**Data**

BEGIN

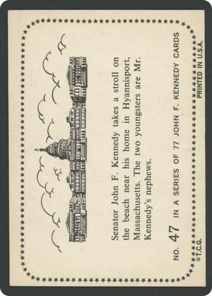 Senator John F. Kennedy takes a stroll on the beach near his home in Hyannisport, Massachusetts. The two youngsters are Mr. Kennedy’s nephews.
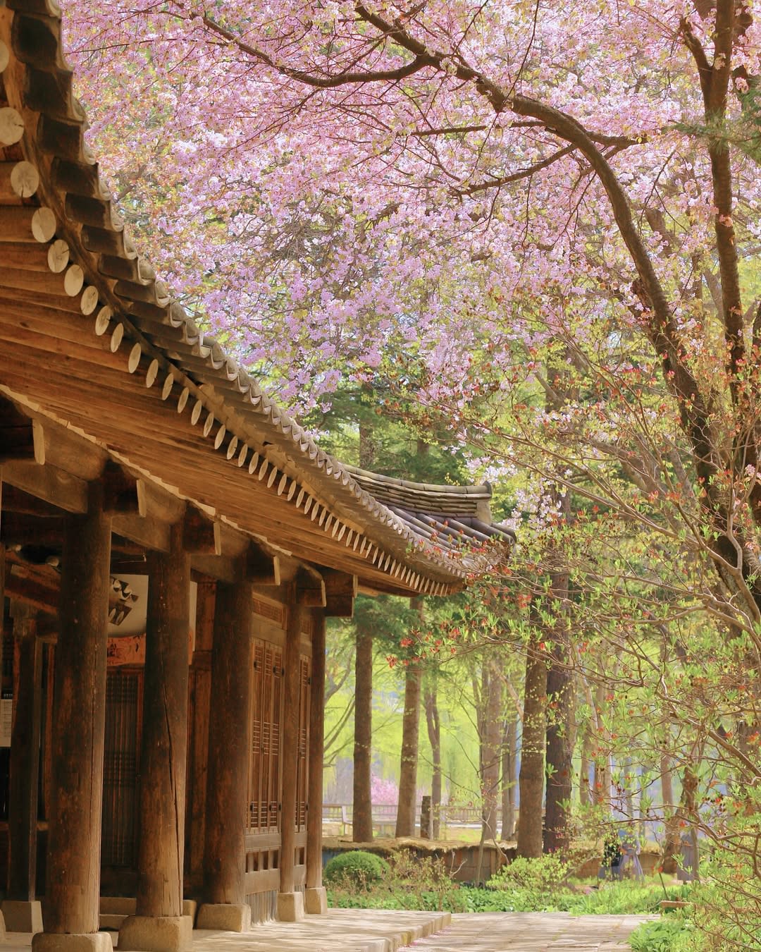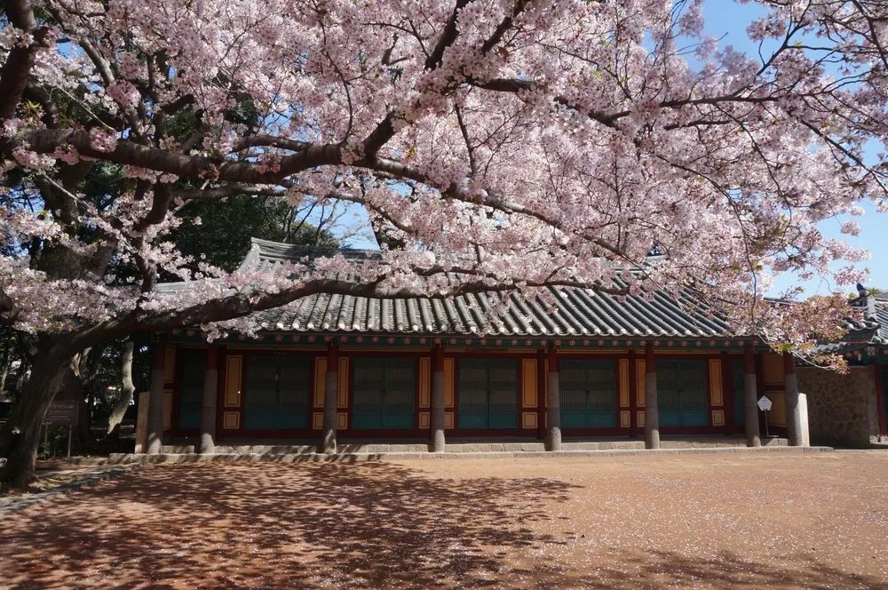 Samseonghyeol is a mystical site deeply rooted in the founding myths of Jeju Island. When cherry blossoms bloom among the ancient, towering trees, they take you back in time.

END
BEGIN

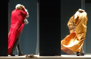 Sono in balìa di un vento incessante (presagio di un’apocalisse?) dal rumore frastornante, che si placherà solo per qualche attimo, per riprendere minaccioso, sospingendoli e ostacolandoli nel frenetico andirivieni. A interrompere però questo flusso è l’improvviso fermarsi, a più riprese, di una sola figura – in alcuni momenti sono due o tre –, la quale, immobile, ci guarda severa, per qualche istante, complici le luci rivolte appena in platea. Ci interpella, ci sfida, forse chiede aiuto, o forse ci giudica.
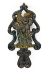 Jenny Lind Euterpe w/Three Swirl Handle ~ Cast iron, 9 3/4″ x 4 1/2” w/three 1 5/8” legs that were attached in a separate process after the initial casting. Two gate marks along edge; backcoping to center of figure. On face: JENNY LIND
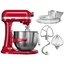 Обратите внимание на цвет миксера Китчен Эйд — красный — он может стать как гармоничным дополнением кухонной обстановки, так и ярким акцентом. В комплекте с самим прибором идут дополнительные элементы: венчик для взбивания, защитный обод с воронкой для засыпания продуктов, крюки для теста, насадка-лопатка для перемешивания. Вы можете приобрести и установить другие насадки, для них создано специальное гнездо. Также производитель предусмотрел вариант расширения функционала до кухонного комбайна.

END
BEGIN

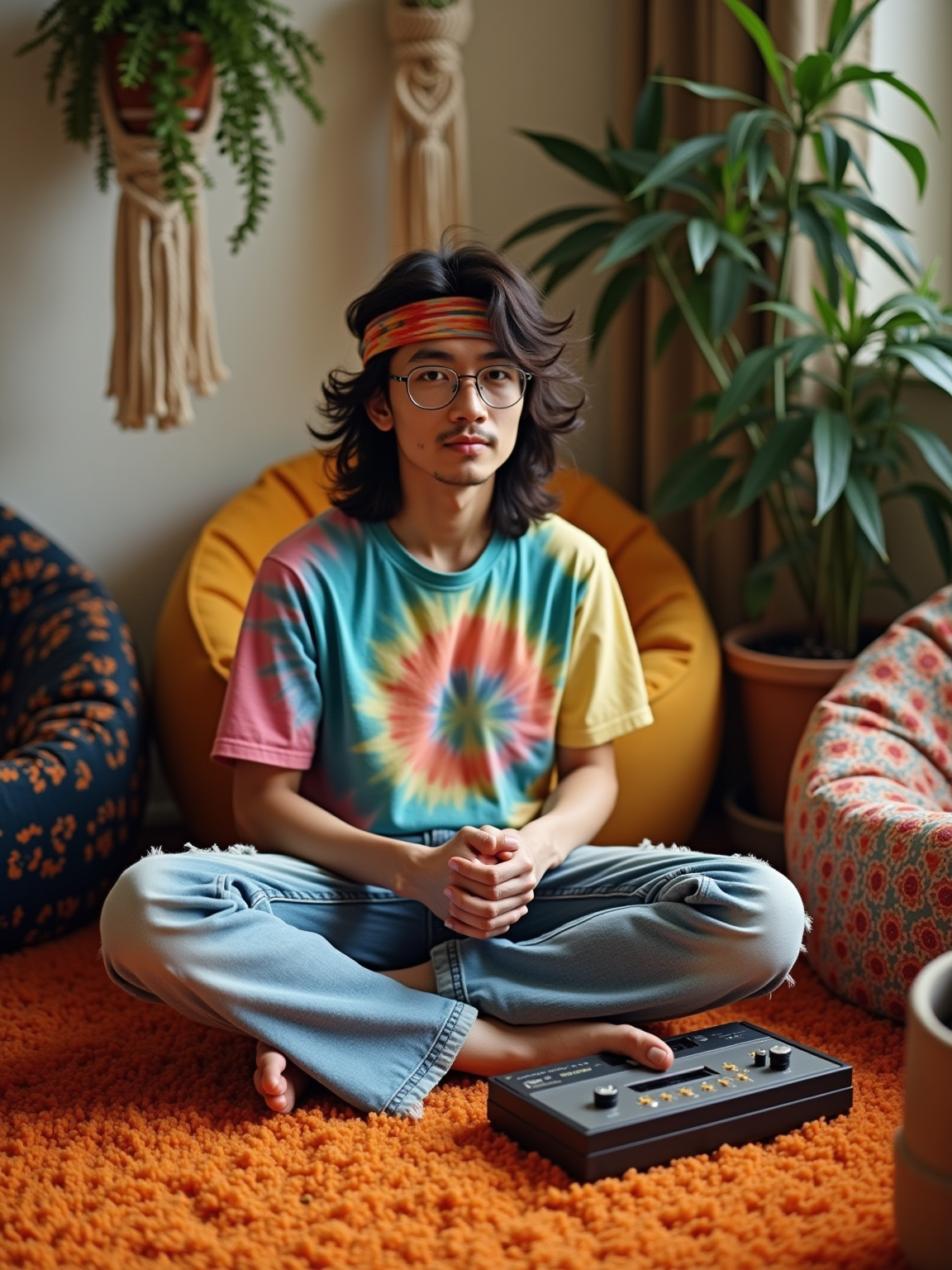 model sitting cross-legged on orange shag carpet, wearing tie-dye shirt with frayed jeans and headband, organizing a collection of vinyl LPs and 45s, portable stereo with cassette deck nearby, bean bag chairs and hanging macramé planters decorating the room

END

**Your objective**
Everything above from the line that has "Jenny Lind Euterpe" down to the line that has "Обратите внимание на" should be output exactly, with both of those lines included. Leave the pictures behind.

**Exercise output**
 Jenny Lind Euterpe w/Three Swirl Handle ~ Cast iron, 9 3/4″ x 4 1/2” w/three 1 5/8” legs that were attached in a separate process after the initial casting. Two gate marks along edge; backcoping to center of figure. On face: JENNY LIND
 Обратите внимание на цвет миксера Китчен Эйд — красный — он может стать как гармоничным дополнением кухонной обстановки, так и ярким акцентом. В комплекте с самим прибором идут дополнительные элементы: венчик для взбивания, защитный обод с воронкой для засыпания продуктов, крюки для теста, насадка-лопатка для перемешивания. Вы можете приобрести и установить другие насадки, для них создано специальное гнездо. Также производитель предусмотрел вариант расширения функционала до кухонного комбайна.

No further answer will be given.